### Task to complete
What is needed is an exact copy of the whole listing below, with no pictures.

══ Source information

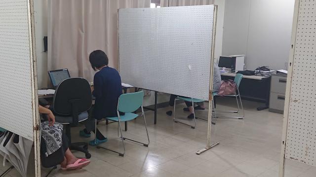 事業者が訪れ端末を使い担当者と申請作業を行っていた=19日、宮古島商工会議所
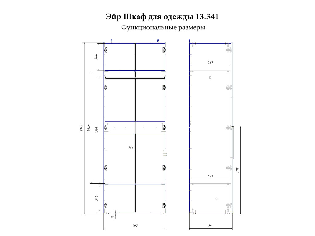 Размер ШхГхВ: 797 x 541, В 2195 мм
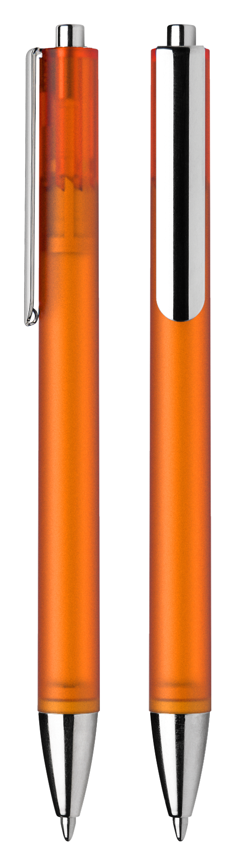 Upper part with matt soft touch lacquer. Metal pen body tip, clip and push button.
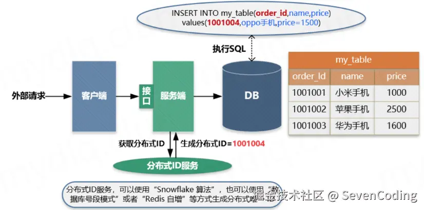 - 服务端执行业务逻辑,生成一个分布式 ID,将该 ID 充当待插入数据的主键,然后执数据插入操作,运行对应的 SQL 语句。
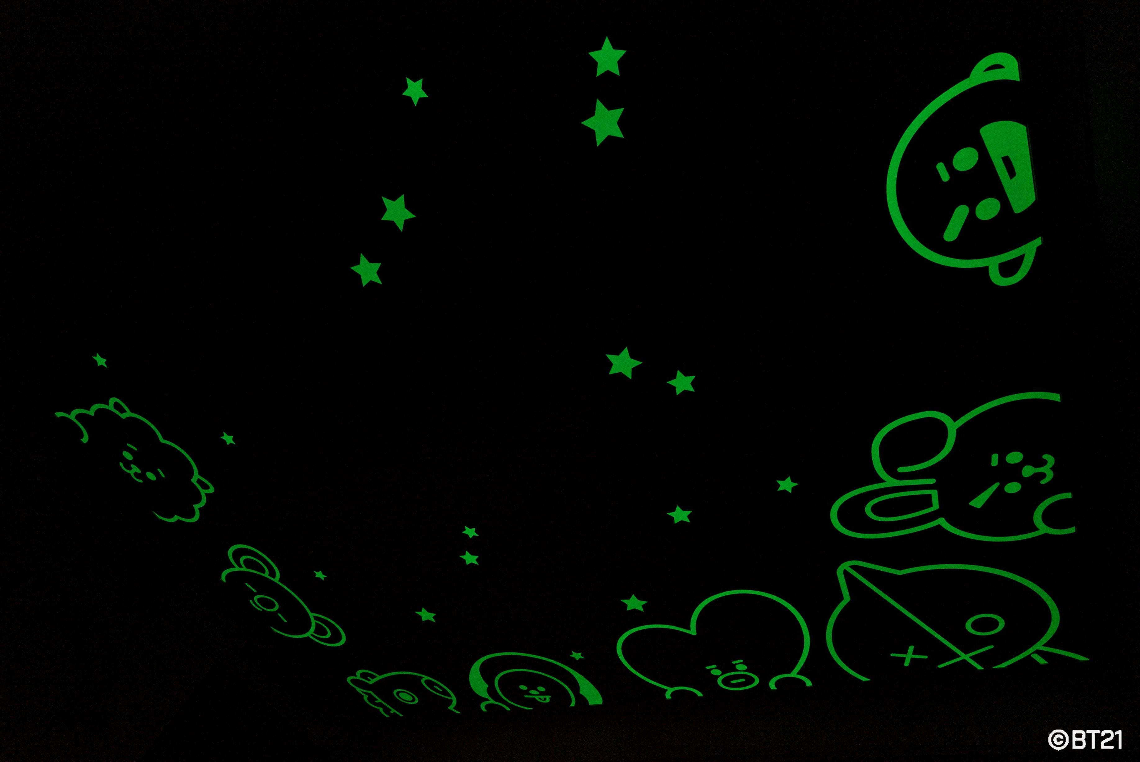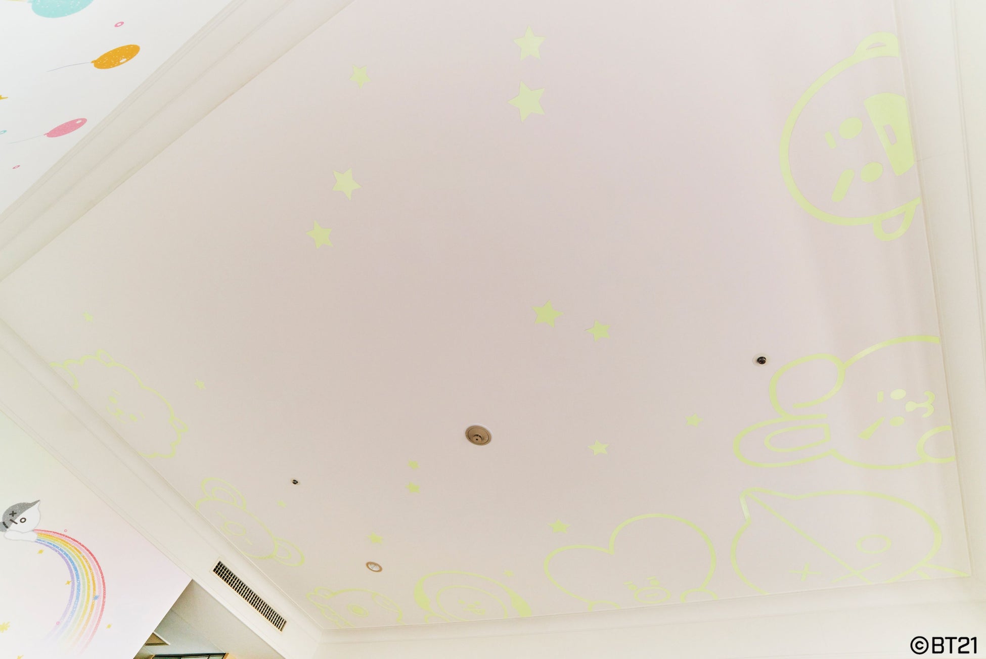 さらに夜になって室内を暗くすると…なんと天井からキャラクターたちが覗いてる!?おやすみのその瞬間まで、BT21のキャラクターたちにやさしく見守られながらお過ごしいただけます。
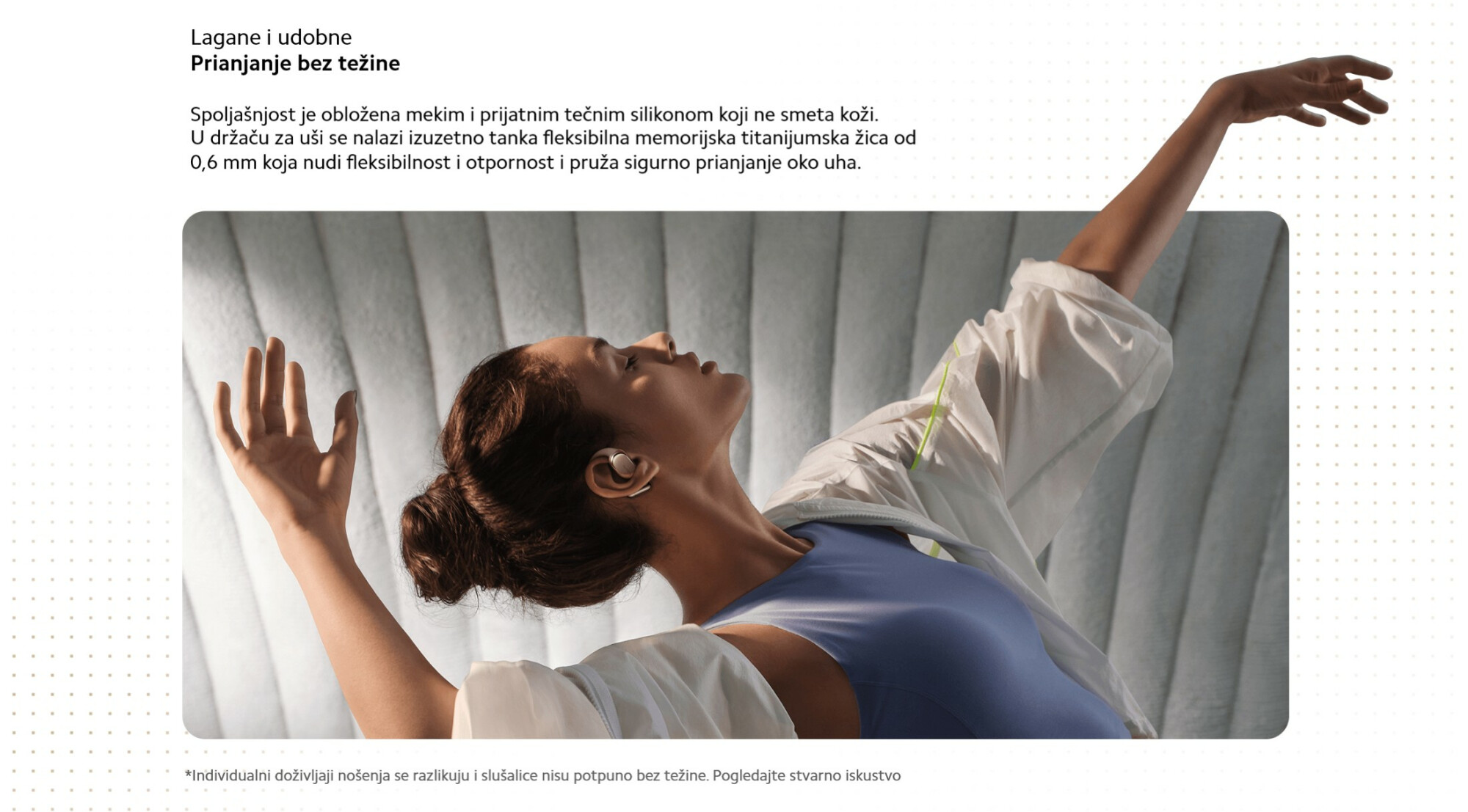 *Individualni doživljaji nošenja se razlikuju i slušalice nisu potpuno bez težine. Pogledajte stvarno iskustvo.
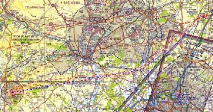 After a quick checkover, I'm on my way home to Popham. After take off, I turn back east and it appears that the smog has greatly reduced, but this impression may be helped by not flying into the sun anymore. I see a really interesting looking castle on a river bank and decide to have a better look. I turn north and start descending, but as I do, I see a flexwing that was following me, so I abandon this and continue my return.
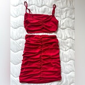 Red 2 piece cropped tank top & Ruched Skirt Set size XS
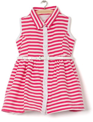 Sleeveless Striped Fuschia Pink Party Dress. Styled with a nice collar with a premium white belt. Ages 1-6 yrs
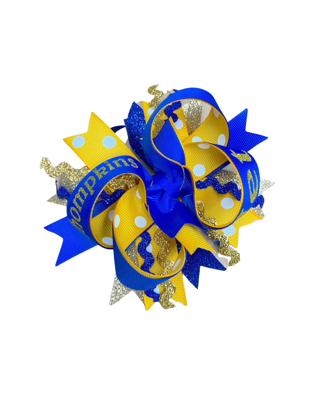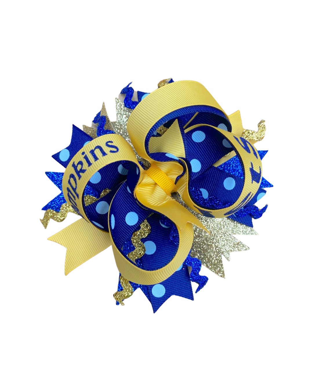 5.5" Twisted Boutique with spikes are made from grosgrain ribbon lined in pattern ribbon with school name and mascot written in glitter vinyl. Spikes are made from an array of grosgrain, glitter, and ric rac ribbons in coordinating colors. Bows come on a 6mm lined alligator clip with teeth.
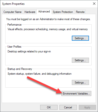 This will bring up the System Properties dialog, which should already be open to the Advanced tab. Go ahead and click on the Environment Variables button at the very bottom.
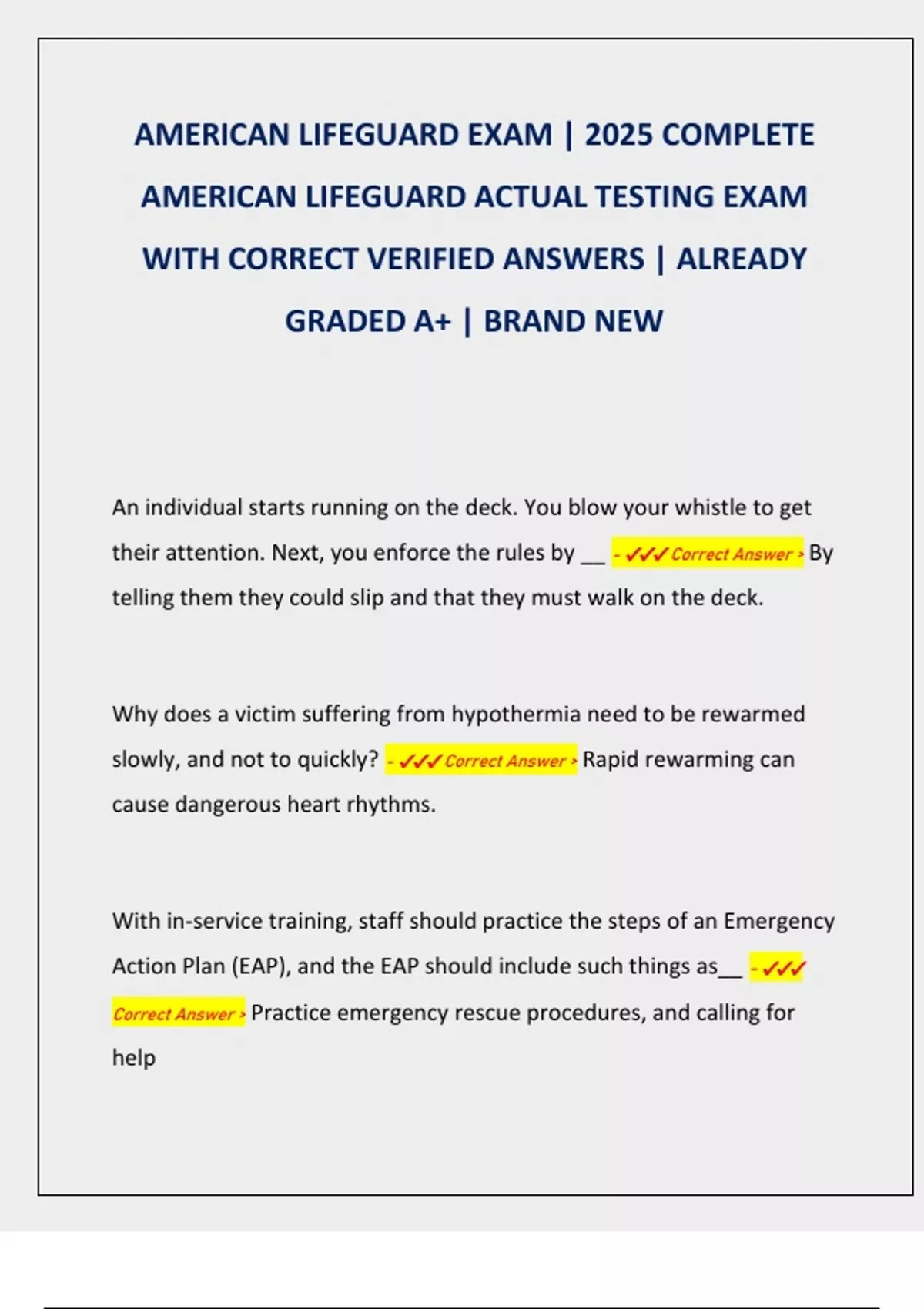 AMERICAN LIFEGUARD ACTUAL TESTING EXAM

════

### Task response
 事業者が訪れ端末を使い担当者と申請作業を行っていた=19日、宮古島商工会議所
 Размер ШхГхВ: 797 x 541, В 2195 мм
 Upper part with matt soft touch lacquer. Metal pen body tip, clip and push button.
 - 服务端执行业务逻辑,生成一个分布式 ID,将该 ID 充当待插入数据的主键,然后执数据插入操作,运行对应的 SQL 语句。
 さらに夜になって室内を暗くすると…なんと天井からキャラクターたちが覗いてる!?おやすみのその瞬間まで、BT21のキャラクターたちにやさしく見守られながらお過ごしいただけます。
 *Individualni doživljaji nošenja se razlikuju i slušalice nisu potpuno bez težine. Pogledajte stvarno iskustvo.
 After a quick checkover, I'm on my way home to Popham. After take off, I turn back east and it appears that the smog has greatly reduced, but this impression may be helped by not flying into the sun anymore. I see a really interesting looking castle on a river bank and decide to have a better look. I turn north and start descending, but as I do, I see a flexwing that was following me, so I abandon this and continue my return.
 Red 2 piece cropped tank top & Ruched Skirt Set size XS
 Sleeveless Striped Fuschia Pink Party Dress. Styled with a nice collar with a premium white belt. Ages 1-6 yrs
 5.5" Twisted Boutique with spikes are made from grosgrain ribbon lined in pattern ribbon with school name and mascot written in glitter vinyl. Spikes are made from an array of grosgrain, glitter, and ric rac ribbons in coordinating colors. Bows come on a 6mm lined alligator clip with teeth.
 This will bring up the System Properties dialog, which should already be open to the Advanced tab. Go ahead and click on the Environment Variables button at the very bottom.
 AMERICAN LIFEGUARD ACTUAL TESTING EXAM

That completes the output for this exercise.